Originally Posted by
A Pemberton
Your mention of Halliwells guide brings back memories of the pre internet bible for the film fan,...Im not sure its required reading these days but I stand to be corrected.
May I? I still read the guide a lot. The Internet has far more information, obviously, but the imdb, for example, is full of rambling opinions by people who I don't necessarily trust or have any interest in, while the Halliwell has little synopses and pithy critiques that are more often than not very witty. Even when demonstrably completely wrong. In having to choose just the right verb or adjective, due to space restrictions, the Film Guide and the Who's Who become almost poetic in their use of language. Short, sharp and to the point, even if the point is wrong.
I found this website recently, in which many if the Halliwell reviews are reviewed or commented on ... addictive, as is so much on the Net.
http://www.lesliehalliwell.com/index.html
Anyway, anybody who doesn't have a fairly recent Halliwell's should remedy that situation now, because it is simply a nice thing to have.

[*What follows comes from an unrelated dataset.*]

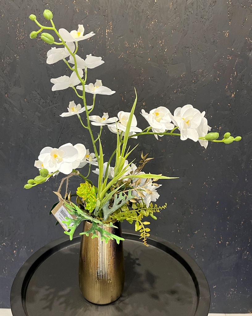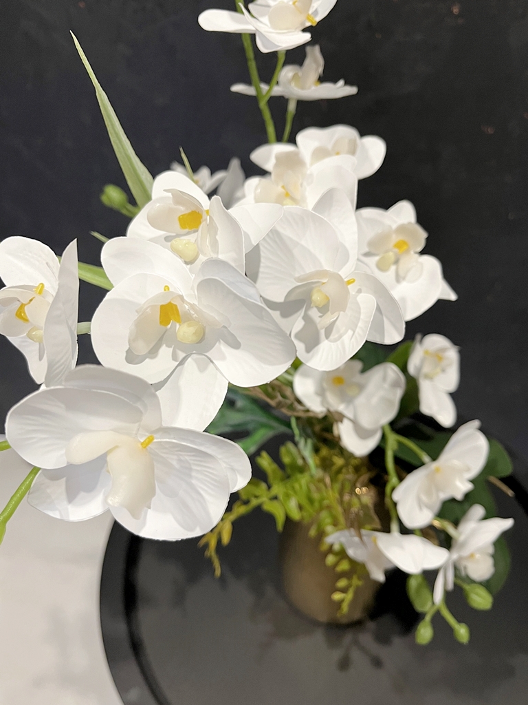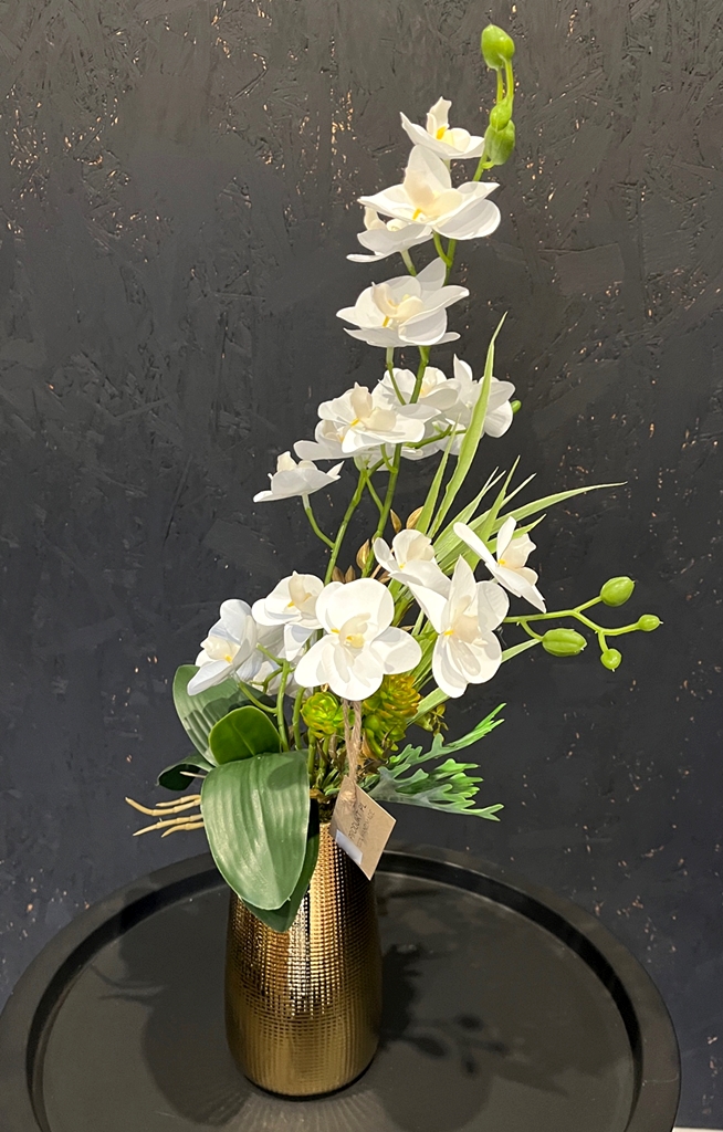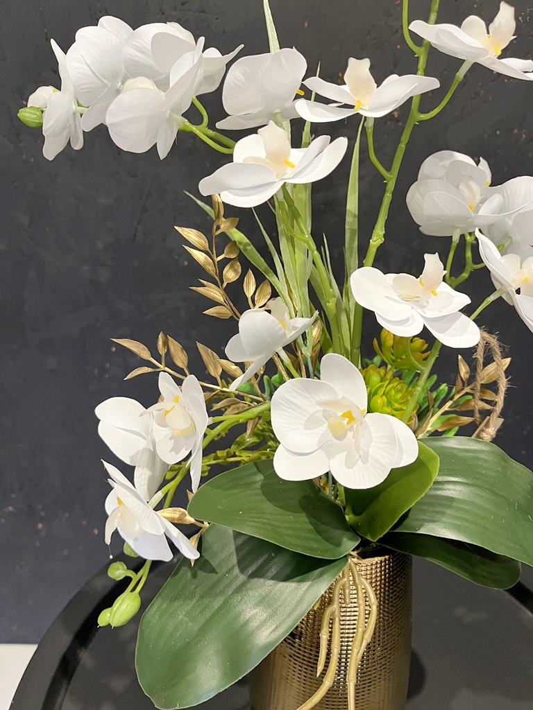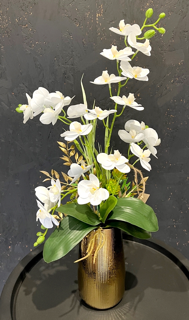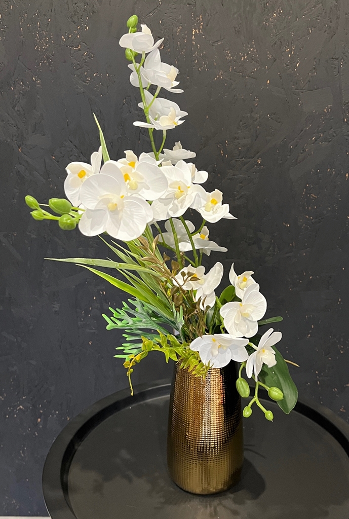 Ponadczasowa, bezobsługowa dekoracja ze sztucznych storczyków premium. Nie wymaga podlewania, nawożenia, pięknie się prezentuje na żywo. Idealne rozwiązanie jeżeli chcesz mieć zawsze kwitnącego stoczyka! Kompozycja nadaje się jako ozdoba do domu, biura, recepcji, poczekalni, sprawdzi się też jako wyjątkowy prezent. Wykonana na podstawie pięknego złotego wazonu z ryflowanym prostym wzorem kratki, który ciekawie rozbija światło.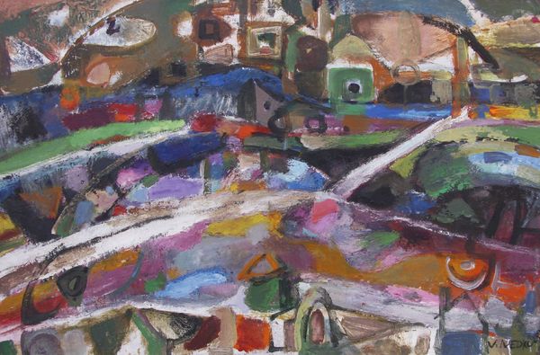 Here we see Roland Petersen's vibrant scene, 'The Hot Tub', realized through a tapestry of oil paint. The thick impasto and bold color blocks create a lively, tactile surface. The image offers us the impression of figures enjoying leisure within a stylized landscape. The composition divides into distinct zones of color. Petersen's application of semiotic systems of signs challenges traditional representation. What appears as figures and landscape resolves into planes of blues, greens, and yellows. This technique dismantles fixed meanings, pushing us to question the nature of perception and representation. The painting's structure is built upon a tension between abstraction and figuration. The forms, though suggestive, never fully solidify into recognizable shapes. This tension destabilizes established artistic values and encourages a more active, interpretive engagement from the viewer. This destabilization is not just aesthetic but serves as a larger cultural and philosophical discourse about how we understand and represent the world around us.

The common criticism of Halliwell, as A Pemberton said above, was his simple dislike of modern movies. He reluctantly saw good bits in many modern films, but more often than not he just talked up their bad points and dismissed films recognised now as classics ... But if he was writing the same thing now, he would be regarded as an iconoclast; can you say nothing bad about Aliens or Jaws? Are they really perfect? Is it criminal to accuse Close Encounters of having padding? Or Being There of being overlong? I think he's often right, and I find much of my own opinion echoed in the quote by him below (from the website):
"…of today’s crop I have soon had my fill. Most of them are obscurely told; they tell me things I don’t wish to know, in language I find offensive; and they concern characters whom I would willingly cross the road to avoid. Cheap colour makes them unattractive to look at, and all the old studio crafts, so laboriously learned over a quarter of a century, appear to have been jettisoned in favour of obscenely large budgets which allow the film-maker to wander restlessly around the world crashing real aeroplanes and giving a distorted view of real locations instead of setting his own and the audience’s imaginations to work."